Devido ao significativo aumento no número de novos diagnósticos de transtorno do espectro autista (TEA), esta condição rapidamente vem se tornando uma das mais pesquisadas por neurocientistas em todo o mundo.
Hoje, somos capazes de compreender muito bem os sinais e sintomas que devem estar presentes para que o diagnóstico seja realizado, assim como compreendemos melhor como o tratamento deve ser conduzido.
Contudo, uma pergunta permanece sem resposta: o que tem levado ao aumento no número de casos de TEA?
Vejam que não faz muito sentido simplesmente atribuirmos este fenômeno a causas genéticas e ponto final… isso não explica muita coisa, uma vez que algo deve estar acontecendo para que estas “causas genéticas” estejam se expressando de forma mais frequente nos dias atuais.
Bom, onde quero chegar?
No seguinte ponto: se há um “fator” ocorrendo no mundo que tem aumentado o número de novos casos de TEA, este “fator”, muito provavelmente, não está influenciando somente o aumento do TEA, mas sim de outras condições neuropsiquiátricas que também apresentam etiologia genética.
E há fortes indícios de que isso seja realmente verdade, uma vez que diversas outras condições neuropsiquiátricas também vem se tornando cada vez mais frequentes nas últimas décadas.
Isso se torna bastante claro quando analisamos a escalada da depressão em todo o mundo. Dados recentes da Organização Mundial de Saúde apontam que em 2020 a depressão será a doença mais incapacitante do planeta.
Quando analisamos o suicídio, constatamos que nunca tantas pessoas tentaram se matar como nos dias atuais. O suicídio é a segunda causa de morte mais frequente entre jovens no mundo e a terceira no Brasil.
E se analisarmos outras doenças neuropsiquiátricas como o TDAH, transtorno de humor bipolar, esquizofrenia e o transtorno obsessivo compulsivo, chegaremos a conclusão de que o aumento do TEA é somente uma pequena peça em um gigantesco quebra cabeças.
Diversos estudos tem demonstrado que um parcela significativa das pessoas com TEA apresenta outras condições comórbidas, ou seja, apresentam outras doenças neuropsiquiátricas associadas, o que pode indicar uma origem etiológica genética comum ou semelhante.
Ansiedade: é talvez uma das associações mais frequentes, ocorrendo em 40 a 60% das crianças com autismo. Algumas vezes pode ser difícil distinguir os sintomas do autismo e do transtorno de ansiedade, mas a agitação psicomotora, inquietude, impulsividade e medo excessivo e não justificado podem sugerir a presença de ansiedade.
TDAH: o transtorno do déficit de atenção e concentração compartilha algumas características semelhantes com o TEA, mas para quem tem experiência no atendimento destas crianças não é difícil perceber a diferença entre a alienação comportamental típica do TEA e os sinais de falta de atenção e concentração. Não há estudos ainda que permitam estabelecer a porcentagem de crianças autistas com TDAH, mas levantar esta suspeita é fundamental, pois, como sabemos, atualmente há excelentes medicações para controle dos sintomas do TDAH que pode melhorar significativamente a qualidade de vida destes crianças e de suas famílias.

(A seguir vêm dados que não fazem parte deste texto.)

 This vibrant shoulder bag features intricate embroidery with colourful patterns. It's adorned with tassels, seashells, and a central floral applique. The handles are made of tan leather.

Depressão: sintomas clássicos de depressão podem incluir falta de sono, perda do apetite, irritabilidade, choro imotivado, mau humor e tendência ao isolamento afetivo. Hoje nós sabemos que depressão é uma doença frequentemente diagnosticada em indivíduos com TEA, principalmente naqueles de alto funcionamento e que, justamente por esse motivo, tem a clara percepção de suas próprias dificuldades sociais.

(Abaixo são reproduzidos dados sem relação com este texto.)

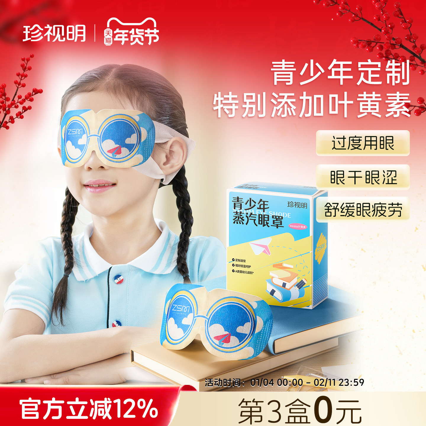 珍视明青少年儿童热敷蒸汽眼罩叶黄素发热眼罩舒缓中小学生眼疲劳
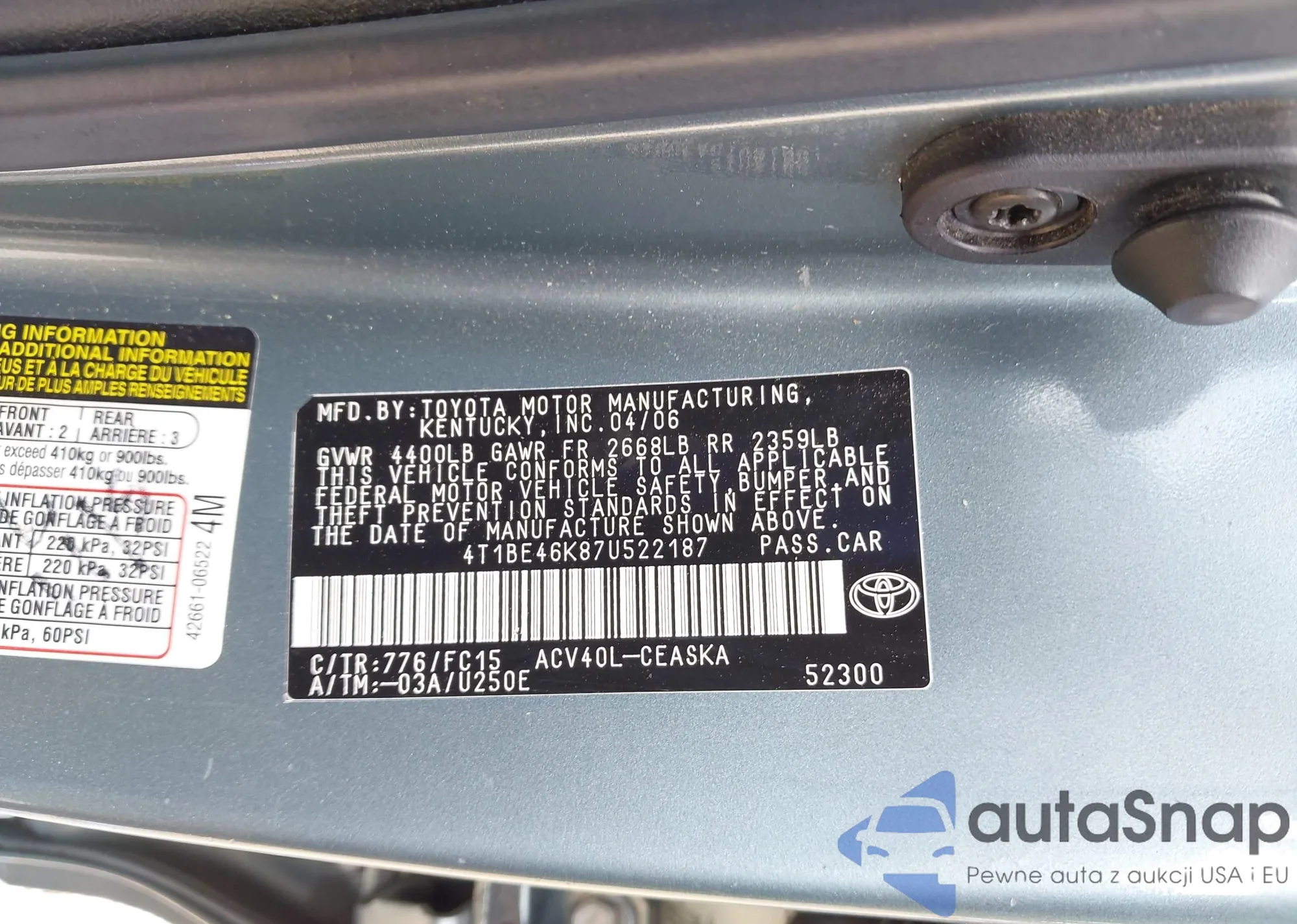 LOT: 42610960 VIN: 4T1BE46K87U522187
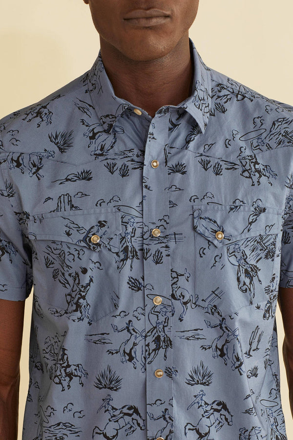 Pendleton Woolen Mills Laramie Short Sleeve Snap Front Shirt in Blue Lariat
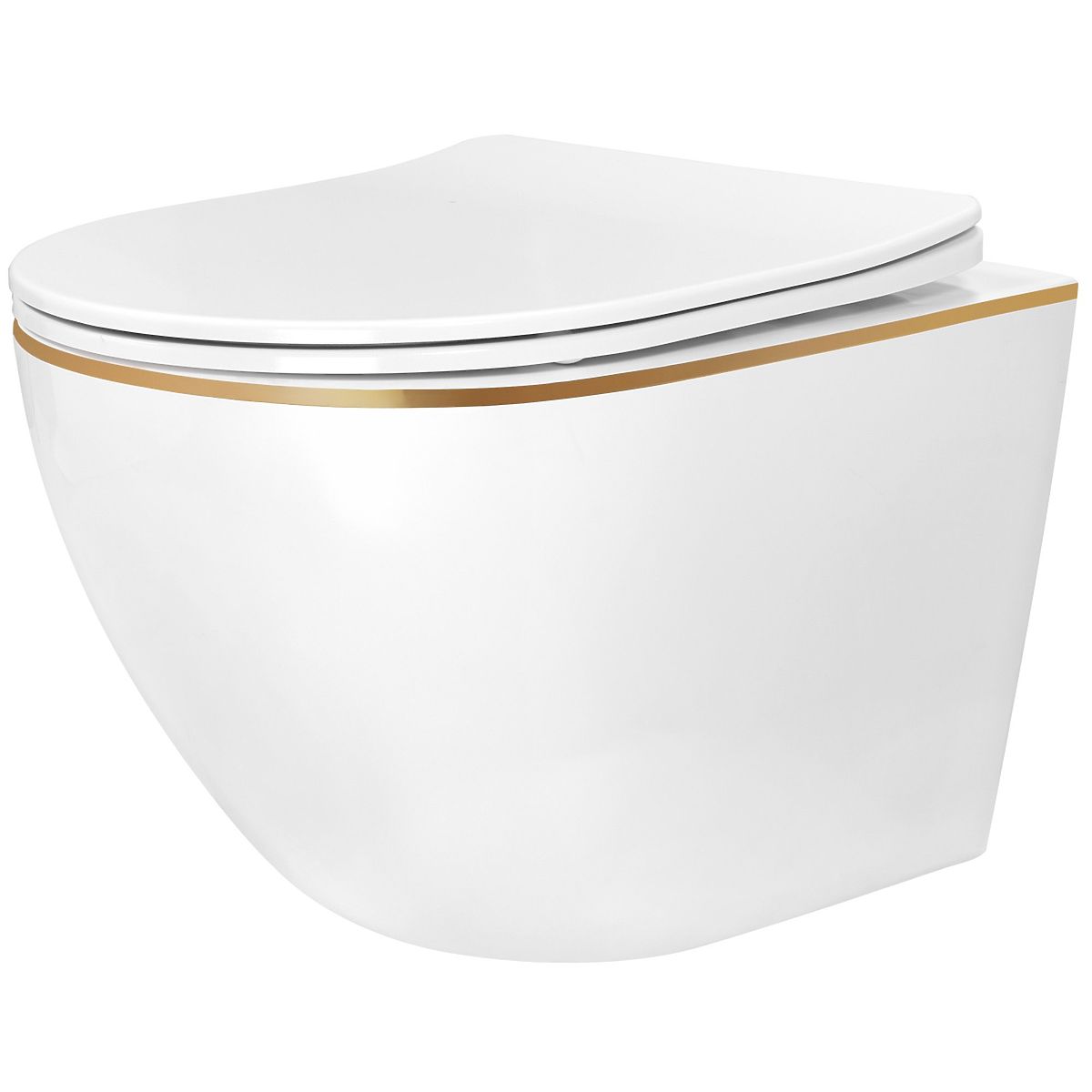 The wall-hung toilet bowl without a rim, white with a gold edge and an innovative Tornado Nfq (Noise-Free Quiet) flushing system, is a modern solution that combines elegance, easy maintenance, and flushing efficiency. The rimless design not only adds modernity but also makes it easier to maintain cleanliness around the bowl. Designed with savings and ecology in mind, the bowl uses a minimal amount of water without sacrificing high flushing efficiency. The bowl is compatible with most Geberit, Grohe, Sanit, Rea concealed systems.
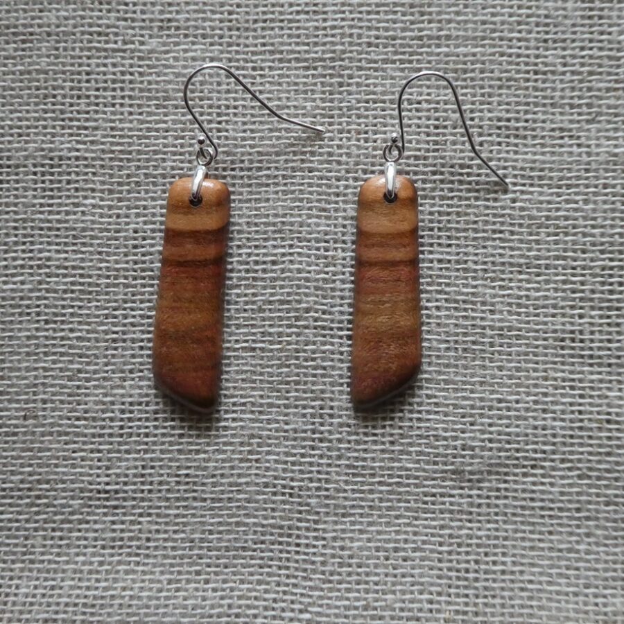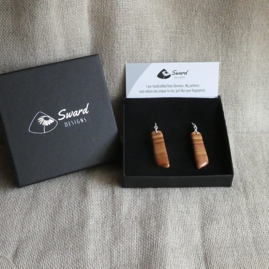 A unique pair of damson wood straight-sided drop earrings with sterling silver findings.
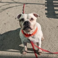 Un splendide mâle de type Bouledogue américain croisé âgé de 6 ans et pesant 29.60 kg.
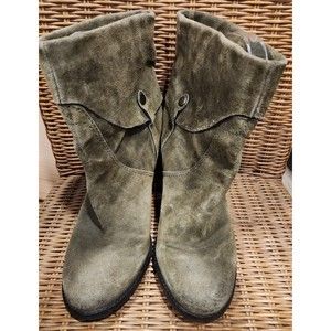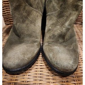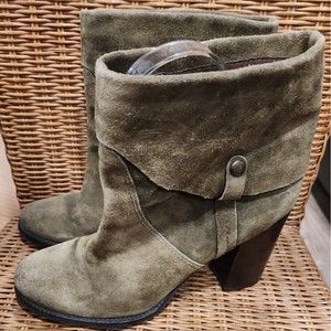 Franco Sarto Ankle Boots Suede Leather Sage Green Slip Booties Womens Size 11

Deficiência intelectual: diferentes estudos apontam números bastantes distintos a respeito desta comorbidade. A verdade é que não sabemos exatamente qual a porcentagem de indivíduos autistas que apresenta deficiência intelectual. Há pesquisas que falam algo em torno de 30 a 40% enquanto outras apontam 50 a 60%. Um aspecto muito significativo que devemos ressaltar é que talvez um dos pontos mais importantes no tratamento comportamental adequado de crianças com TEA seja justamente a possibilidade de AUMENTO de sua capacidade intelectual. Sim! Crianças autistas tratadas da forma correta, com as terapias corretas e na intensidade correta podem apresentar um aumento significativo de sua capacidade intelectual, o que representa mais autonomia, melhor rendimento escolar e mais habilidades para lidar com diferentes situações sociais e afetivas.
Por fim, quero lembrar que tão importante quanto fazer o diagnóstico precoce do autismo é identificar também precocemente estas e tantas outras comorbidades neuropsiquiátricas. Como eu sempre costumo dizer: “não existe tratamento pela metade, ou tratamos o indivíduo como um todo, ou não estamos dando o nosso melhor”.